The dark part, the Steam Deck storage
The base version of the console comes with 64 GB eMMC , a figure that seems ridiculous and where it will be impossible to install anything at all, so it is essential to purchase an M.2 2230 module to install it inside the console . Maneuver that could void the warranty since Valve does not recommend fiddling with the console for it. And this is where our first slap on the wrist to Valve comes from. Since at the time of writing this article, we can find M.2 2230 modules for a much lower price than the difference between the different models. So for us it would have been much better to give easy access through a cover to the M.2 interface.
But what if we run out of space and don’t have the M.2 SSD installed? Don’t worry, Valve has placed a microSD card slot. At first glance this seems very good, but the performance of a microSD when transmitting data is very, very low and you are going to see how the loads of the games become eternal. That is why we recommend that you go head first to an M.2 2230 PCIe and install it or, failing that, go for the two most advanced modules.

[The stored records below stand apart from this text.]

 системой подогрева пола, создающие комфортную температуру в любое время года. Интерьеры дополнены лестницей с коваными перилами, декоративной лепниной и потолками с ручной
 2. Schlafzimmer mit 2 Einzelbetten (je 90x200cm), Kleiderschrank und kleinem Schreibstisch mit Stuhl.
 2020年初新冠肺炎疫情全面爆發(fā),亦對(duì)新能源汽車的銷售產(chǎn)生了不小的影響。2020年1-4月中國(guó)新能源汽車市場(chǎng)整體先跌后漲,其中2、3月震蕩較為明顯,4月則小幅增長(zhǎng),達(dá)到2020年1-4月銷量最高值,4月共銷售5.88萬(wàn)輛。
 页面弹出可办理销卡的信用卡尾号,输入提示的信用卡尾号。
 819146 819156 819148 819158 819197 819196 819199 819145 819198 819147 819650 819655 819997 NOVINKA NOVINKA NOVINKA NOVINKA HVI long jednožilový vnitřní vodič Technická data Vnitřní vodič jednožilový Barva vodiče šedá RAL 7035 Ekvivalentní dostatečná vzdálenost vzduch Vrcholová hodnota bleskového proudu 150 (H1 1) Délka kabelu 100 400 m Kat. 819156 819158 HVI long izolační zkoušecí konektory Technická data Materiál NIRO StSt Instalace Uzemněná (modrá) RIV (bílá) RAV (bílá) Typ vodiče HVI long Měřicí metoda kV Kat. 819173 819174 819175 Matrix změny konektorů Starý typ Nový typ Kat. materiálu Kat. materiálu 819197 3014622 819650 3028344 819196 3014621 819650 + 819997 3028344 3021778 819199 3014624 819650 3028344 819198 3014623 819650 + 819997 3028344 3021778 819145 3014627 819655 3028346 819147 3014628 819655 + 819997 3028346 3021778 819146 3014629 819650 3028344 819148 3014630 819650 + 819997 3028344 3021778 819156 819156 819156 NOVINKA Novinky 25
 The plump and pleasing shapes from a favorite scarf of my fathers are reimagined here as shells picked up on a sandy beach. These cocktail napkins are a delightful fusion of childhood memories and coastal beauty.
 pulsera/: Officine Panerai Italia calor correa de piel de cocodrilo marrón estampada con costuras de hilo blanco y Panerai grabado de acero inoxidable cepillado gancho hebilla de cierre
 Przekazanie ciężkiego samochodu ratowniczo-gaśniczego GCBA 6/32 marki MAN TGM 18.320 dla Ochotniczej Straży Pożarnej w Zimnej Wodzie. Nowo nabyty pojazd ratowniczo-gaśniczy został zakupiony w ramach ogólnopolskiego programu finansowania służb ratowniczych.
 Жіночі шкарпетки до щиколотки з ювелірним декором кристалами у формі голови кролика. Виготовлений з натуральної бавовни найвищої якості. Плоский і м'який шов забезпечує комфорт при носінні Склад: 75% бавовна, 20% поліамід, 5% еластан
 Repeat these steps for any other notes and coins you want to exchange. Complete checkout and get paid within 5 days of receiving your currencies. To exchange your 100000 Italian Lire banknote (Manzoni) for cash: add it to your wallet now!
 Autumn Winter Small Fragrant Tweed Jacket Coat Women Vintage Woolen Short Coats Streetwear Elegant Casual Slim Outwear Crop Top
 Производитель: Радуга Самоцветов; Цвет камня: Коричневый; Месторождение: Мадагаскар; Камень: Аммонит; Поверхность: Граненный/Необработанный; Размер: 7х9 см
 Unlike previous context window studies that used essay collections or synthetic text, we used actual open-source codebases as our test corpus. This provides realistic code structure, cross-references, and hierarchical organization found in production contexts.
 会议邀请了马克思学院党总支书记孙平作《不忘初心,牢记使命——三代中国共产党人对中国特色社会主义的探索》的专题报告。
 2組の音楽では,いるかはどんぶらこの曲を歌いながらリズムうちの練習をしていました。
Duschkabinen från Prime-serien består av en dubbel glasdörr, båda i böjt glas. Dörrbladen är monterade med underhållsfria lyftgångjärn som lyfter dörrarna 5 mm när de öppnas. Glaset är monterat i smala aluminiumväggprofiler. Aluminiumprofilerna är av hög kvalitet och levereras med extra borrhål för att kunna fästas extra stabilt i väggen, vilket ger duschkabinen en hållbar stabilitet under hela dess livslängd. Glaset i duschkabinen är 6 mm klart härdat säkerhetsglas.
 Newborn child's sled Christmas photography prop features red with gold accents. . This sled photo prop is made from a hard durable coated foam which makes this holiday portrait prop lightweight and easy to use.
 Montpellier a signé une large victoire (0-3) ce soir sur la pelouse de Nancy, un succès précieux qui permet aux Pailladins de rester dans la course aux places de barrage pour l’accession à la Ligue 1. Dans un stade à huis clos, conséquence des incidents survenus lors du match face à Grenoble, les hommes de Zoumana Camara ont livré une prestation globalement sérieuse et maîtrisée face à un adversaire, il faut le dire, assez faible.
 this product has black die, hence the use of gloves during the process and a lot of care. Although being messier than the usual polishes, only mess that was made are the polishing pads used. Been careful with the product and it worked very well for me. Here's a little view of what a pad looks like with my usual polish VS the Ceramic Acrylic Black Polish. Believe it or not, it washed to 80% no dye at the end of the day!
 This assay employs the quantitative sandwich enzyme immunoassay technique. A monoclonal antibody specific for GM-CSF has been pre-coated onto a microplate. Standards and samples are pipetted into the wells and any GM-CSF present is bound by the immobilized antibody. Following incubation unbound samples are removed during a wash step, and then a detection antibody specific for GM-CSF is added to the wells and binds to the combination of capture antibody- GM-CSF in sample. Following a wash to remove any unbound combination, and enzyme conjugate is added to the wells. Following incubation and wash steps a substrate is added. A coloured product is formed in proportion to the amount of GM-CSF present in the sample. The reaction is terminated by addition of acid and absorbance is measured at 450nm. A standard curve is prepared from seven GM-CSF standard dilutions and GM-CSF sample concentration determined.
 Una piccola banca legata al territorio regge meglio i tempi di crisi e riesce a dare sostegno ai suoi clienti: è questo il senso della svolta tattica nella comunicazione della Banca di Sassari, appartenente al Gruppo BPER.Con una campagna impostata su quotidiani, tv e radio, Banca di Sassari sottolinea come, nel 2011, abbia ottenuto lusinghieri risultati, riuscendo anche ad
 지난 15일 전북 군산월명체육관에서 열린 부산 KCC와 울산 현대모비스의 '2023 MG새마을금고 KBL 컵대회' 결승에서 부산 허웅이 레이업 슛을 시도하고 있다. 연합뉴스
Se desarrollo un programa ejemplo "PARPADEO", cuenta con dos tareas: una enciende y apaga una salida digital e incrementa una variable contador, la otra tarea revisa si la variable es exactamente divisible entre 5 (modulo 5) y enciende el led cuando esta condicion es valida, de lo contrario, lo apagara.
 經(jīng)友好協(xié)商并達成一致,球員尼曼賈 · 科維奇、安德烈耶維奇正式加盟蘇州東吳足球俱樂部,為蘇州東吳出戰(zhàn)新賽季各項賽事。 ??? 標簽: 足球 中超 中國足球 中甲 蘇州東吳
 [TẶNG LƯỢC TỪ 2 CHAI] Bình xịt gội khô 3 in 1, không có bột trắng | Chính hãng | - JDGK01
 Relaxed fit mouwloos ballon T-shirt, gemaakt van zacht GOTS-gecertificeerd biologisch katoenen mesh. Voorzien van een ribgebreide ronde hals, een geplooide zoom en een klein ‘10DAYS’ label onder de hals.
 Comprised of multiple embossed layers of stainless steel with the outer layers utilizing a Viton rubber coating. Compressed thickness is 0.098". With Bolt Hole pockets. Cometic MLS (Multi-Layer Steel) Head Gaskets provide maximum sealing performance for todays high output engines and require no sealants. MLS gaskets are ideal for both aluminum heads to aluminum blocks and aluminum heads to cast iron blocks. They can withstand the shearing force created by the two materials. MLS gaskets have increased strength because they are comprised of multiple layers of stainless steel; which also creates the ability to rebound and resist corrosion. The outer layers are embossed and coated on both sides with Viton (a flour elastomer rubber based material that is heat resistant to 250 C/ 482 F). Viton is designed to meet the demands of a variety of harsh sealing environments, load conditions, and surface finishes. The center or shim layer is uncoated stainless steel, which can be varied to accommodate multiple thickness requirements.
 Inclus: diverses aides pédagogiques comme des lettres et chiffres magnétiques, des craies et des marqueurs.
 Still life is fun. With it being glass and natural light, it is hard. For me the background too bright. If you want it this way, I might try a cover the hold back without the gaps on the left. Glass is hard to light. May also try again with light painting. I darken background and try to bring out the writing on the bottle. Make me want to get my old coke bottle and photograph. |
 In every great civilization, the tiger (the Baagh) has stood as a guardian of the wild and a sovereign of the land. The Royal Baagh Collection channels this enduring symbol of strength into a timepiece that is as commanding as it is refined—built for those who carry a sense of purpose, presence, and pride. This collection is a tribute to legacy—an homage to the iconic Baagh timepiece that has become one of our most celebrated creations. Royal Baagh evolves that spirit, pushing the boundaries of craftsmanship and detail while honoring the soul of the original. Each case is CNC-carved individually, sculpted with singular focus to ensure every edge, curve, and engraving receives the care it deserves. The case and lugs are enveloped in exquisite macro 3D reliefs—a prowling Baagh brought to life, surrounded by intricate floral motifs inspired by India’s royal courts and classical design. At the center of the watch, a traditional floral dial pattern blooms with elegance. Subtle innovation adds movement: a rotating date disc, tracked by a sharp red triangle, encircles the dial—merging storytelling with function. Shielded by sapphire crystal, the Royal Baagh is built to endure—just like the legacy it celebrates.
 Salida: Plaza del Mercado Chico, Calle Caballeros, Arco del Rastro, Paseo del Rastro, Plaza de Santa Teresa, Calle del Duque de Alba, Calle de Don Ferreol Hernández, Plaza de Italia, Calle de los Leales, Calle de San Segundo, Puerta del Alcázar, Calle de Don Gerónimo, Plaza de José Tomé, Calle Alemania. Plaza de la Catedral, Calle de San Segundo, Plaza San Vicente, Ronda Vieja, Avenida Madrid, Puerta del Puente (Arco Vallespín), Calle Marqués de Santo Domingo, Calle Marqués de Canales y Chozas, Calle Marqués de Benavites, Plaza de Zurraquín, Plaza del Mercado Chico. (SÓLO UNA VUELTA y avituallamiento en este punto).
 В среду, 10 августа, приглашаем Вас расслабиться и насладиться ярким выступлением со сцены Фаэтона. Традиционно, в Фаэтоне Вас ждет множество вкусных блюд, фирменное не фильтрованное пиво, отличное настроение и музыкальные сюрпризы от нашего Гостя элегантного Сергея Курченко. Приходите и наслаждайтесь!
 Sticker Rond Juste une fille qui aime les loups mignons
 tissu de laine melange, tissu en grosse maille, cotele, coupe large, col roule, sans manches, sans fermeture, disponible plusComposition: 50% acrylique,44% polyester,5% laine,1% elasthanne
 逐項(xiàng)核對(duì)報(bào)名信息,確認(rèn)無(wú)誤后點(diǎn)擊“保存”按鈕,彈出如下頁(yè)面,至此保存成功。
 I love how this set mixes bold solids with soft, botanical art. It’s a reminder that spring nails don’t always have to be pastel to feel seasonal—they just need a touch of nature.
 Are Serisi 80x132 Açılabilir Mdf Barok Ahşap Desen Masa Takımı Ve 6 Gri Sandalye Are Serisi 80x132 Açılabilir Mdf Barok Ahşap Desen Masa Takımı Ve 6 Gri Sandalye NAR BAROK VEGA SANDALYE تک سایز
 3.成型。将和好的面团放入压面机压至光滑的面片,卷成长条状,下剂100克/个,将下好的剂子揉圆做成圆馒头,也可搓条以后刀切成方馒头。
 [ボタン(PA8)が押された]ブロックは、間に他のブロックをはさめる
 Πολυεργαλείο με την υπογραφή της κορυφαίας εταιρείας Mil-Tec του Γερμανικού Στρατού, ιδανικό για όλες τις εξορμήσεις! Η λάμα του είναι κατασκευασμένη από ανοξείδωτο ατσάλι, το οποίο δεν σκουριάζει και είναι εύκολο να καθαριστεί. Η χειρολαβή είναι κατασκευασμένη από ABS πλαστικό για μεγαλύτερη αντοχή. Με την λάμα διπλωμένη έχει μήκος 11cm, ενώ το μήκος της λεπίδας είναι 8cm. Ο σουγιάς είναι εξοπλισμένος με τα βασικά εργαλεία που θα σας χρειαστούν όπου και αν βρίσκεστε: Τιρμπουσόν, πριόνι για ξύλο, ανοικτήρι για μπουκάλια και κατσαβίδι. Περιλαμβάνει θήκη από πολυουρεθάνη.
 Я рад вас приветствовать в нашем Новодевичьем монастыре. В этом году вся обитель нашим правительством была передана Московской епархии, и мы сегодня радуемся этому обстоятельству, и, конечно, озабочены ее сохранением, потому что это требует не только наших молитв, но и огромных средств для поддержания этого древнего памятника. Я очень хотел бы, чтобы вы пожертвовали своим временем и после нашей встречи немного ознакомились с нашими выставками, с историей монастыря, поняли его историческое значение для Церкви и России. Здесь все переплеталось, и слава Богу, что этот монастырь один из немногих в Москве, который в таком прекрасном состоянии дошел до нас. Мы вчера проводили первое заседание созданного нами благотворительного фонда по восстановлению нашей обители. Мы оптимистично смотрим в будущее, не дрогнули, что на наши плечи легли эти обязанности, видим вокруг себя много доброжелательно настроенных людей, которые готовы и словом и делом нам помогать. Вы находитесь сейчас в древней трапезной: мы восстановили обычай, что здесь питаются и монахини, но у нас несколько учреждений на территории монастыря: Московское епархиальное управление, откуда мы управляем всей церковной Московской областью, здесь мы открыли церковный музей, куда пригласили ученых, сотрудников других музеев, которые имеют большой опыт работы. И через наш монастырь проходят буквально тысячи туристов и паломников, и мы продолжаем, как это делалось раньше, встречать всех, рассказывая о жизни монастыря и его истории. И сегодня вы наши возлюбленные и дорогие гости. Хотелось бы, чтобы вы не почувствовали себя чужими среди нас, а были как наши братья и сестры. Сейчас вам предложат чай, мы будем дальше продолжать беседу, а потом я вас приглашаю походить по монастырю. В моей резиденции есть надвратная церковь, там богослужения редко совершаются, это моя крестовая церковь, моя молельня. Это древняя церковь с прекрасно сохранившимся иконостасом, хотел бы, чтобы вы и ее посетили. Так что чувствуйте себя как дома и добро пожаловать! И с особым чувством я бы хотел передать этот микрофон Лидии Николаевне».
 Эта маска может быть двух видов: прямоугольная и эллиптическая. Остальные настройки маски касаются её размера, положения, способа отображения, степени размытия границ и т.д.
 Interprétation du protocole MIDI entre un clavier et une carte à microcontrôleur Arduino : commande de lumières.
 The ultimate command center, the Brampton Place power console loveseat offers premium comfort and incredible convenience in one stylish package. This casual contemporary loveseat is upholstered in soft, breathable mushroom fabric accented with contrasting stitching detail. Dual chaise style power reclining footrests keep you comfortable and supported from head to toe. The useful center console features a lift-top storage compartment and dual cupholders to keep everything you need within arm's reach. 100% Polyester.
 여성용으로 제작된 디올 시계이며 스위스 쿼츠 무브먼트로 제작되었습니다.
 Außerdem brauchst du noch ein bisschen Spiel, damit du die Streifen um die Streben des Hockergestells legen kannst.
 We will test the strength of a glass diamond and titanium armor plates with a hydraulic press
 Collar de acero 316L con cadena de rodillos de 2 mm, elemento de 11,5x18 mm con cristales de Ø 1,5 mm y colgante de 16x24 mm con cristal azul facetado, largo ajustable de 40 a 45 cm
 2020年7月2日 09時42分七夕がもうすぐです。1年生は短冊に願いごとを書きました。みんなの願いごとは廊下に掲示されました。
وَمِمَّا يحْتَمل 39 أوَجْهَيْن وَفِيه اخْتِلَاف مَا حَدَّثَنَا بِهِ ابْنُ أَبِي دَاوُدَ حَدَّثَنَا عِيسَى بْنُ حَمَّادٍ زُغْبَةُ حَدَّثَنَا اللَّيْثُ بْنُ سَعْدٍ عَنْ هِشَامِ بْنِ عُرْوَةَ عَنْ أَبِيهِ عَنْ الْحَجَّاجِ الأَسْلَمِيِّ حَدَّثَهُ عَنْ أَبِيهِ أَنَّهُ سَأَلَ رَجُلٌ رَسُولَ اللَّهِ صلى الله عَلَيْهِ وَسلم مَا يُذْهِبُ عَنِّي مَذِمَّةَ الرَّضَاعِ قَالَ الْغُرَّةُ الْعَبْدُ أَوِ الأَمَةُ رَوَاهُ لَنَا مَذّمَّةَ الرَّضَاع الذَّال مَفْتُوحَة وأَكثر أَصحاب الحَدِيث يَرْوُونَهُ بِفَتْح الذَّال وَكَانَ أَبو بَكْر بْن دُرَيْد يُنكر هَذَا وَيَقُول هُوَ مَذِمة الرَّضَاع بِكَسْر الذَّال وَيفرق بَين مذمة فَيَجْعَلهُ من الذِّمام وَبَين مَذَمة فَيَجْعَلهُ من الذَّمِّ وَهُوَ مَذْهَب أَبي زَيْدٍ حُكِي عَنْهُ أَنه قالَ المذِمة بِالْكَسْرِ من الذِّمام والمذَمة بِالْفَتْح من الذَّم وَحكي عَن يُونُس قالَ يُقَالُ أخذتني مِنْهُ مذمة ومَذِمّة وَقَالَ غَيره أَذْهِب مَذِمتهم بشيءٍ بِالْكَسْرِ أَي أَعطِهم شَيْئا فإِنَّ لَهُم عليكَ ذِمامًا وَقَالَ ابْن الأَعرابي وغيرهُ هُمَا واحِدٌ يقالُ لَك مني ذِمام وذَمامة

It is not only because of the storage, it is that we are talking about multiplying the bandwidth several tens of times and this means that the device becomes directly another in terms of performance. However, without forgetting that the Steam Deck is designed to be a laptop we are surprised by the choice of this type of storage. An NVMe SSD is the best memory access speed you can put in a system, that’s true.
Is it the best in a portable system? Not really, since eUFS 3.x memory would have made more sense, since it makes no sense to use an NVMe PCIe if the games that the machine from within the PC catalog will be able to run without performance problems of any kind they are those who do not take advantage of the advantages well. From here to the release of games that take advantage of the NVMe SSDs on PC, then the Steam Deck will potentially have been out of date to run them at a decent speed.
And now to finish the screen
For many, the inclusion of a screen at 800p and with a 16:10 aspect ratio will seem like a step backwards, but it is not if we take into account the associated costs in terms of bandwidth and computing needs that have higher resolutions. .
A negative point is that the screen is not OLED, since this type of screens consume less and the problem of burning the pixels should not be a problem in a video game system. Taking into account that Nintendo has adopted it in the new Switch model and those in Kyoto take years to adopt a technology and when they do it is at a bargain price. The inclusion of an OLED screen by Valve for its Steam Deck would have been a better option and no, we are not saying that the screen is bad, but we are talking under the concept of energy consumption that is important for a portable system.
In any case, it has enough resolution to give good image quality and performance, since Valve ensures that all the games in its catalog work with a minimum frame rate of 30, which is not ideal for all games.